[[ Records for this task open ]]
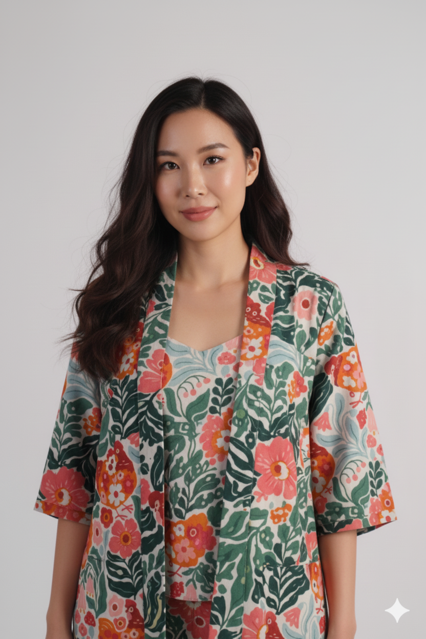 Blazer Bambu Rayon Ayam Bunga Red(All Size)
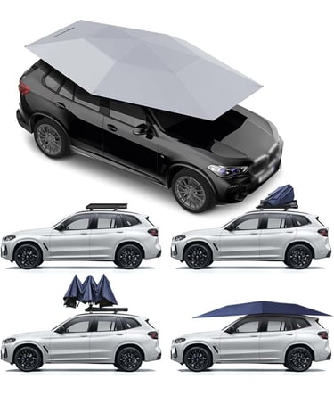 This full-automatic car umbrella is a game-changer for vehicle protection. The remote control makes opening and closing super easy, while the metal link frame keeps it stable even in wind. The 210D Oxford tarpaulin cloth is tough, weatherproof, and reliable. Great for shielding your car from sun, rain, and dust. A practical gadget for any car owner!
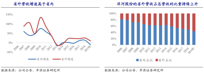 經(jīng)典案例:洋河公司運作區(qū)域市場,高度重視“區(qū)域內銷外銷雙市場”,省內市場做深做透,市占率逐步提升。根據(jù)公司公告、開源證券研究所等綜合資訊表明,公司在江蘇省內確立了南京和宿遷等重點戰(zhàn)略市場的領導地位之后,逐步向蘇州、無錫、徐州等地區(qū)擴張,完成了全省范圍內市場布局,并于2013 年,公司提出打造“新江蘇市場”的目標,將省外銷售超過800萬元的縣和超過1500萬元的市確定為“新江蘇市場”。現(xiàn)階段主要是開發(fā)新江蘇市場的“5+2”市場(“5”指上海、浙江、安徽、河南、山東,“2”指湖北和河北)。截至2019 年中,公司在全國共形成570個新江蘇市場,占省外銷售營收比重 70%以上。
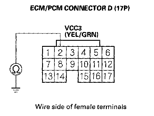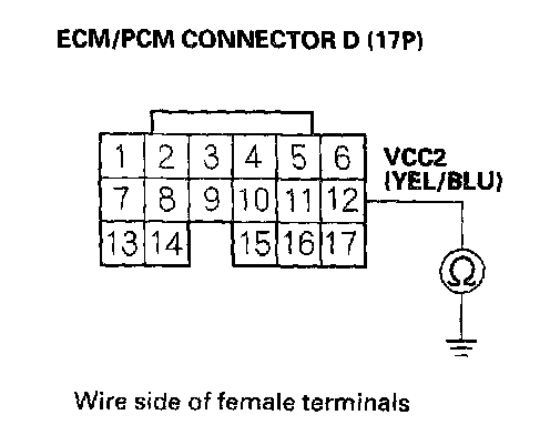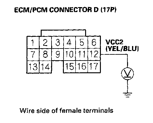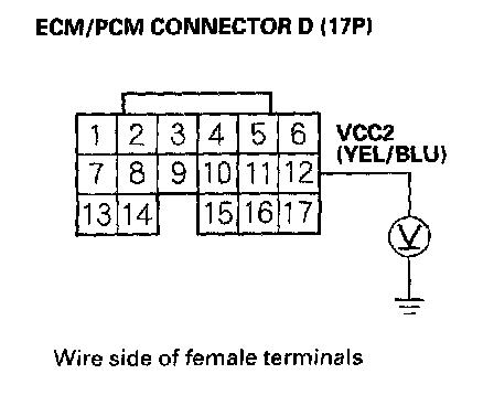 73. Disconnect the connector from each of these parts, one at a time, and measure voltage between ECM/PCM connector terminal D12 and body ground with the ignition switch ON (II).
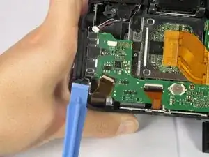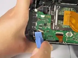 Используйте пластиковый инструмент для вскрытия, чтобы откинуть фиксатор разъёма лентового кабеля.
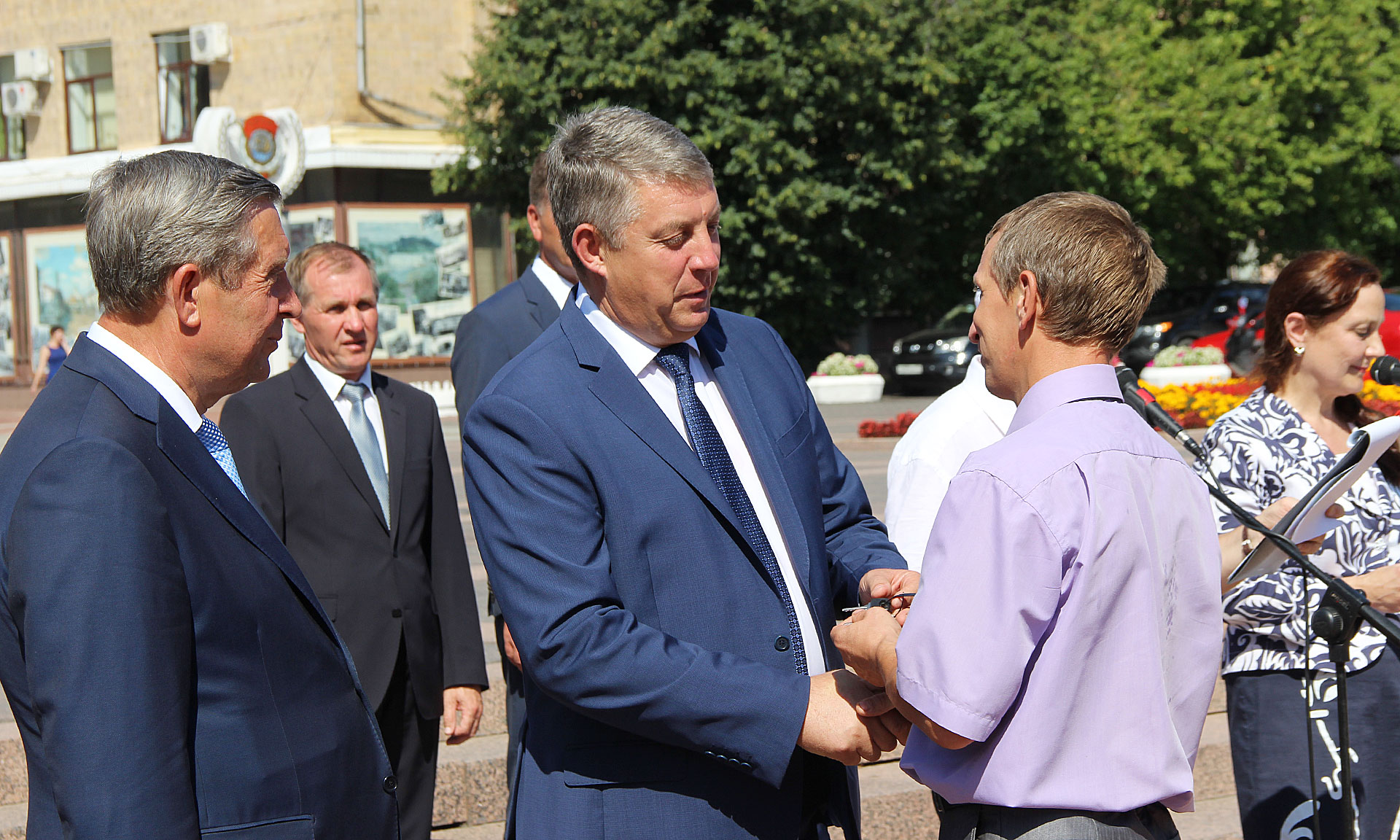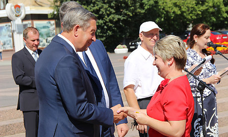 — Я еще раз поздравляю всех вас с наступающим 1 сентября и хочу сказать огромное спасибо за ваш труд, за то, что вы готовите будущее нашей страны! — сказал Губернатор и вместе с председателем Брянской областной Думы Владимиром Попковым вручил ключи от школьных автобусов директорам школ.
[[ Records for this task closed ]]
Assigned task: What the task needs is the material above repeated exactly, pictures excepted.

Response:
 Blazer Bambu Rayon Ayam Bunga Red(All Size)
 This full-automatic car umbrella is a game-changer for vehicle protection. The remote control makes opening and closing super easy, while the metal link frame keeps it stable even in wind. The 210D Oxford tarpaulin cloth is tough, weatherproof, and reliable. Great for shielding your car from sun, rain, and dust. A practical gadget for any car owner!
 經(jīng)典案例:洋河公司運作區(qū)域市場,高度重視“區(qū)域內銷外銷雙市場”,省內市場做深做透,市占率逐步提升。根據(jù)公司公告、開源證券研究所等綜合資訊表明,公司在江蘇省內確立了南京和宿遷等重點戰(zhàn)略市場的領導地位之后,逐步向蘇州、無錫、徐州等地區(qū)擴張,完成了全省范圍內市場布局,并于2013 年,公司提出打造“新江蘇市場”的目標,將省外銷售超過800萬元的縣和超過1500萬元的市確定為“新江蘇市場”。現(xiàn)階段主要是開發(fā)新江蘇市場的“5+2”市場(“5”指上海、浙江、安徽、河南、山東,“2”指湖北和河北)。截至2019 年中,公司在全國共形成570個新江蘇市場,占省外銷售營收比重 70%以上。
 73. Disconnect the connector from each of these parts, one at a time, and measure voltage between ECM/PCM connector terminal D12 and body ground with the ignition switch ON (II).
 Используйте пластиковый инструмент для вскрытия, чтобы откинуть фиксатор разъёма лентового кабеля.
 — Я еще раз поздравляю всех вас с наступающим 1 сентября и хочу сказать огромное спасибо за ваш труд, за то, что вы готовите будущее нашей страны! — сказал Губернатор и вместе с председателем Брянской областной Думы Владимиром Попковым вручил ключи от школьных автобусов директорам школ.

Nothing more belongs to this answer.